Он вдруг вспомнил — некстати, как всегда вспоминаются такие вещи, — как в детстве слушал работу отца. Тот сидел у окна, склонившись над пяльцами, и игла его ходила с тихим, ритмичным шорохом — шорх-шорх, шорх-шорх, — и этот звук убаюкивал Яна, обещал, что всё хорошо, что отец рядом, что дом стоит на своём месте и никуда не денется. Теперь, двадцать лет спустя, он слушал тишину и понимал: никакой звук не обещает ему покоя. Он сам должен стать этим звуком — для себя. И он не умел.

За стеной было тихо. Рембрандт лёг час назад — было слышно, как он ворочался, кряхтел, потом затих. Рембрандт всегда засыпал тяжело, словно нехотя, словно боялся пропустить что-то важное, что может случиться ночью в мастерской; и в первые годы их общей жизни Ливенс думал, что это из-за него — из-за того, что он продолжает писать при свечах, пока второй пытается уснуть. Но потом привык, перестал извиняться и просто гасил свечи, когда работа была кончена. Сегодня работа была кончена.

И всё же он не стал гасить.

Он подошёл к мольберту Рембрандта — тот стоял у боковой стены, развёрнутый к окну тыльной стороной, затянутой холстиной. Рембрандт всегда завешивал незаконченное: не показывал никому, даже ему, особенно ему. В этом не было враждебности — скорее суеверие, из которого Ливенс давно вырос, но которое в товарище ещё оставалось и которое он, Ливенс, не трогал. Суеверия следовало уважать: они были частью работы, как грунтовка холста.

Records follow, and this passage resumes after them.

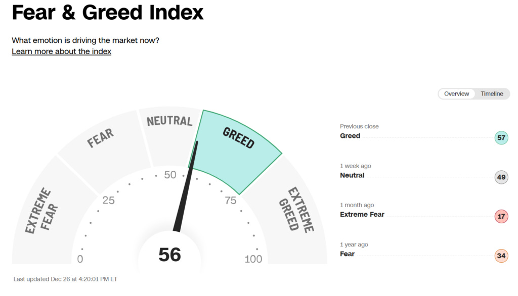 U.S. equity markets began the holiday‑shortened trading week on a firm footing. Broad gains in major indexes and the start of the Santa Claus rally marked this week. Following modest volatility in trading earlier in December, sentiment improved significantly as investors bet on year-end flows. As shown, the CNN Fear-Greed Index has moved materially higher from its readings earlier in the month.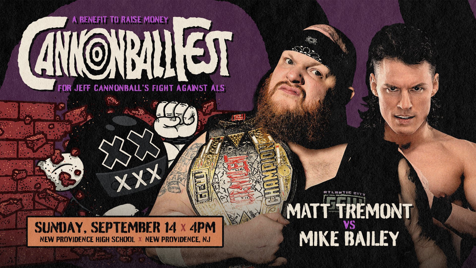 “The Bulldozer” Matt Tremont will take on “Speedball” Mike Bailey in a clash of styles at CannonballFest on Sunday, September 14th. The benefit to raise money for Jeff Cannonball’s fight against ALS will take place at the New Providence High School in New Providence, New Jersey. Tickets go on sale this Friday, August 1st at noon.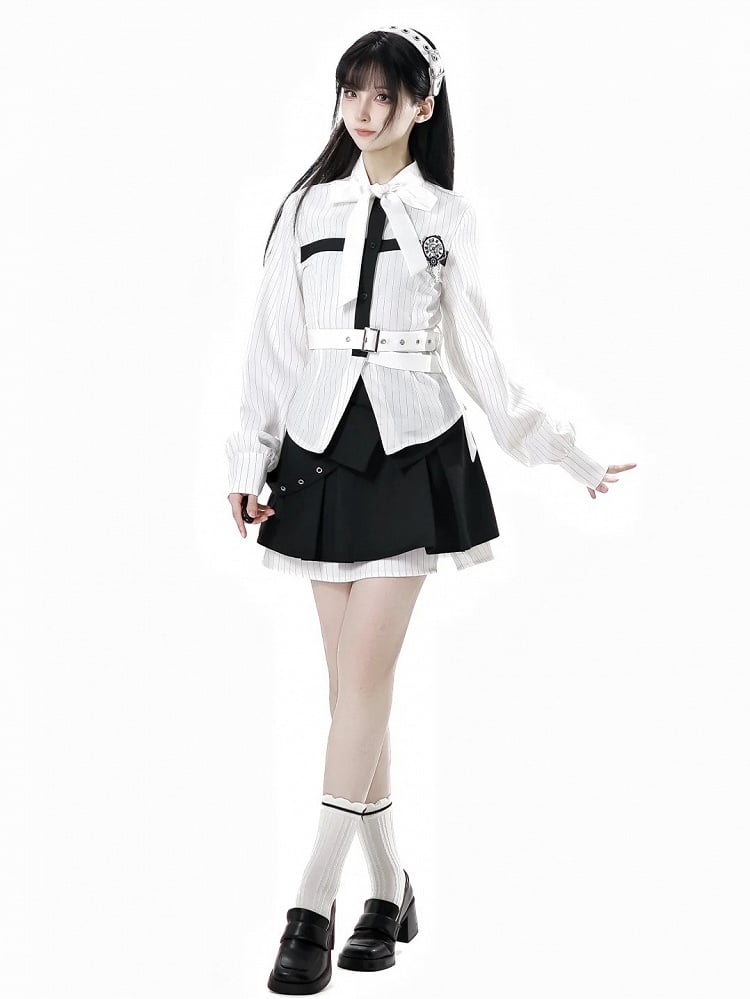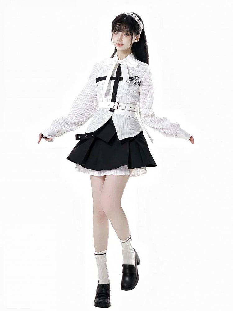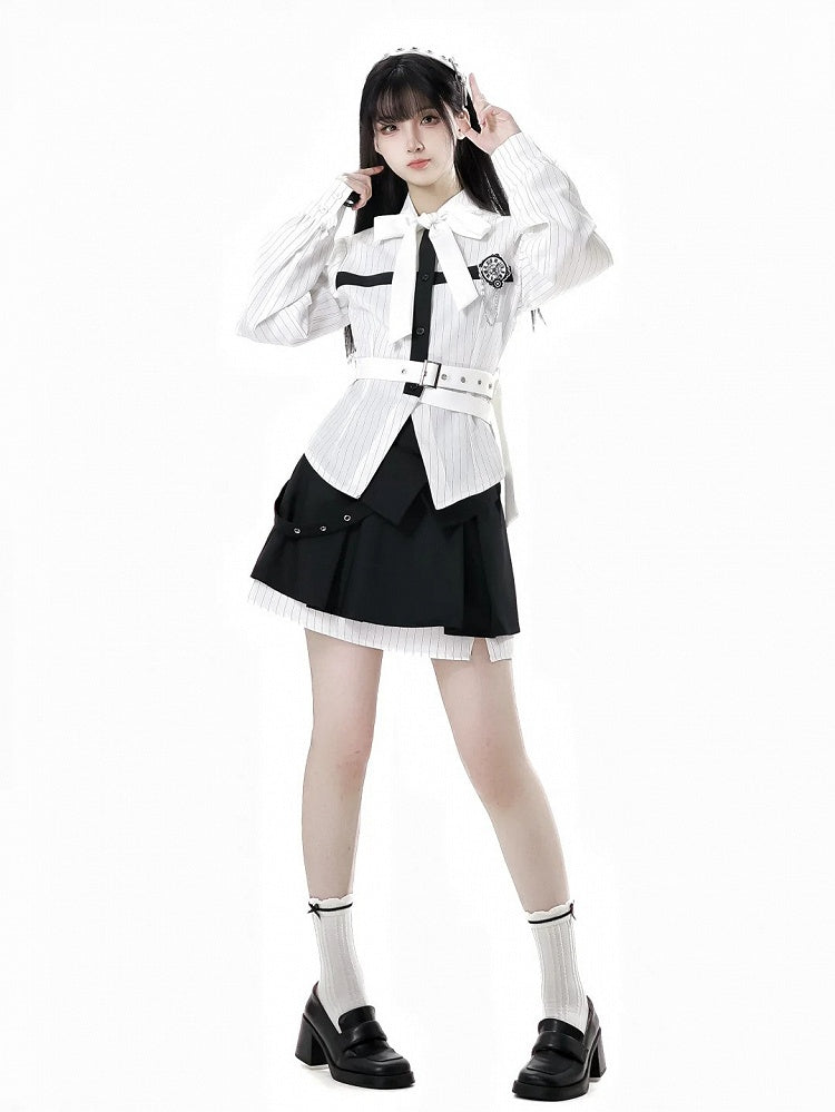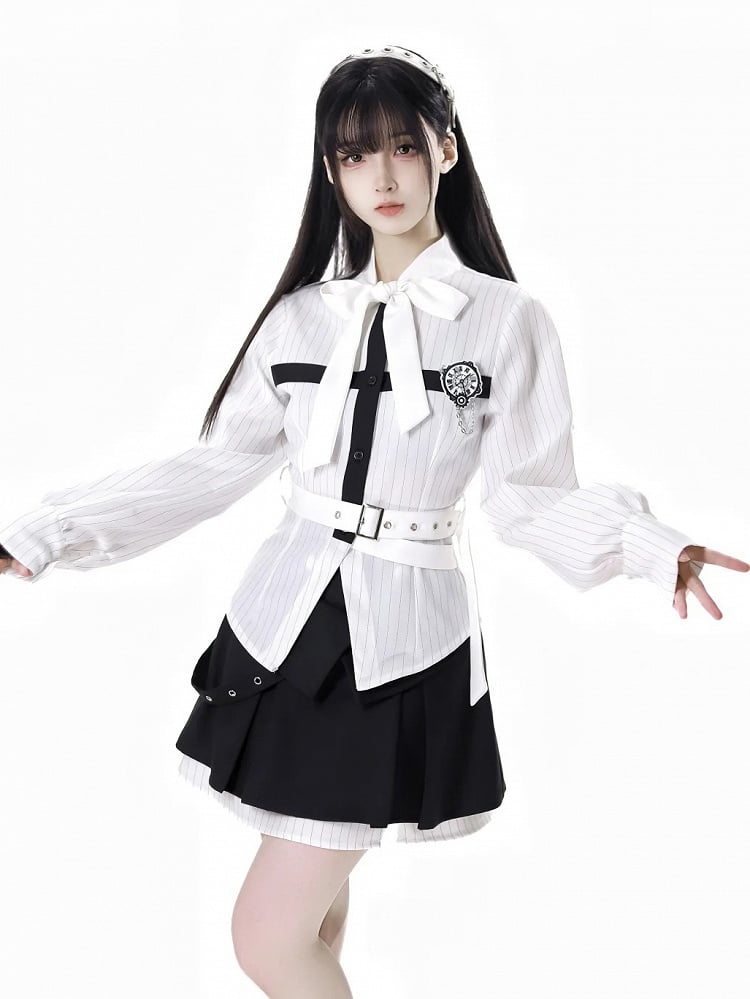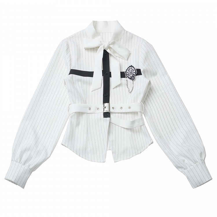 Hemd mit schwarzer Schleife und weißen Streifen zum Selbstbinden, Kreuzdesign und abnehmbarer Schmetterlingsuhr-Brosche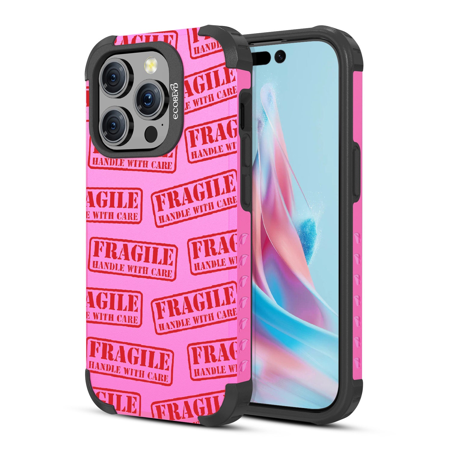 Your phone is precious cargo, and the Handle With Care design on our Mojave rugged Mojave rugged iPhone 15 Pro MagSafe case makes sure everyone knows it. Like the most treasured package in the post, this design stamps your device with VIP status, demanding the gentle touch and special attention reserved for the things we can't live without.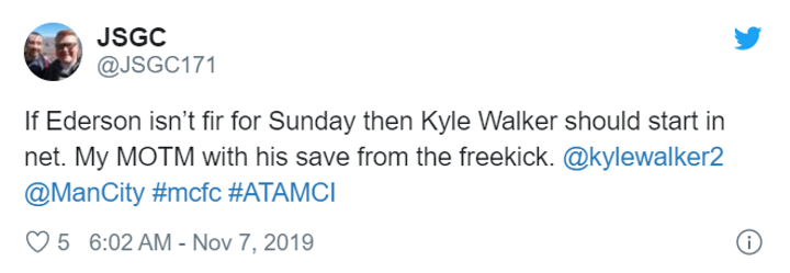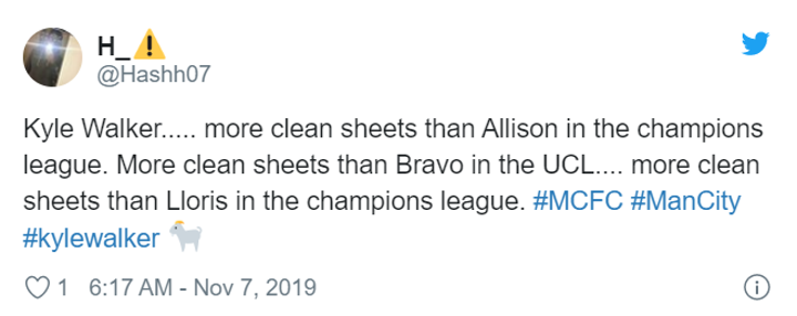 In hilarious circumstances, Walker recorded himself a clean sheet and actually recorded more saves (1) than both Ederson and Bravo during the match as he fumbled a routine free-kick before pouncing on the rebound.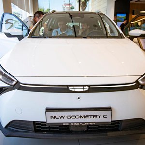 這是6月21日在以色列特拉維夫一家吉利銷(xiāo)售點(diǎn)拍攝的新款幾何C電動(dòng)車(chē)。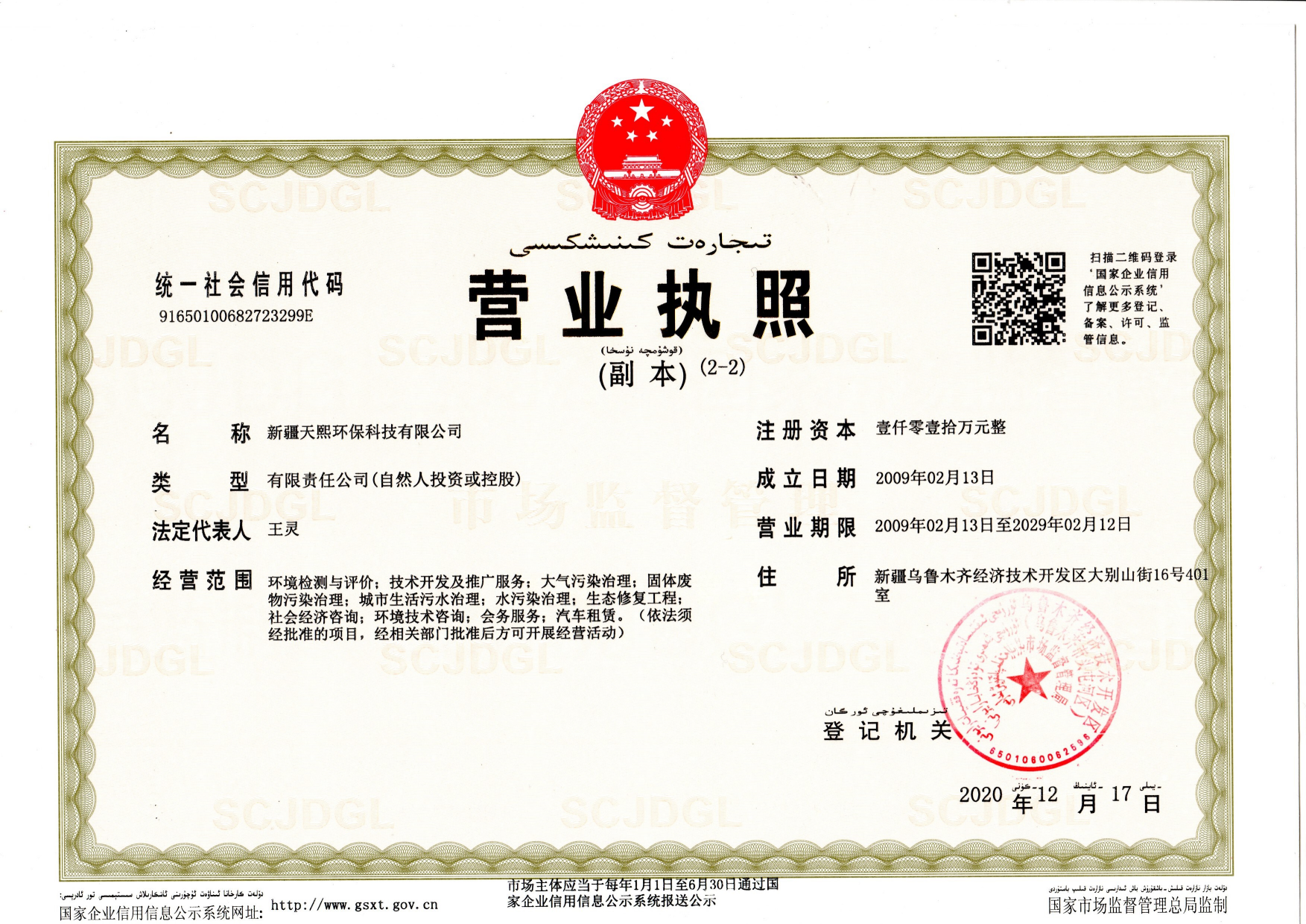 2009 年 2 月,新疆天熙环保科技有限公司应运而生,其注册资本达 1010 万元,坐落于乌鲁木齐经济技术开发区大别山街 16 号,乃是一家专注于环境监测、环境技术咨询以及环保工程的高新技术企业。当下,该公司拥有两项发明专利、十多项实用新型专利以及两项计算机软件著作权。

Но сейчас, ночью, в одиночестве, он имел право посмотреть.

Протянул руку — и отдёрнул.

Незачем. Он знал, что увидит. Другого старика. Не совершенного, не светящегося изнутри. Старика, у которого морщины — рвы, и свет — не золото витража, а серый луч, пробивающийся сквозь пыльное стекло. Просто старого. Просто усталого. Просто смертного. Но — живого. И именно этого зрелища он сейчас не хотел. Не после того, как сам только что положил последний блик.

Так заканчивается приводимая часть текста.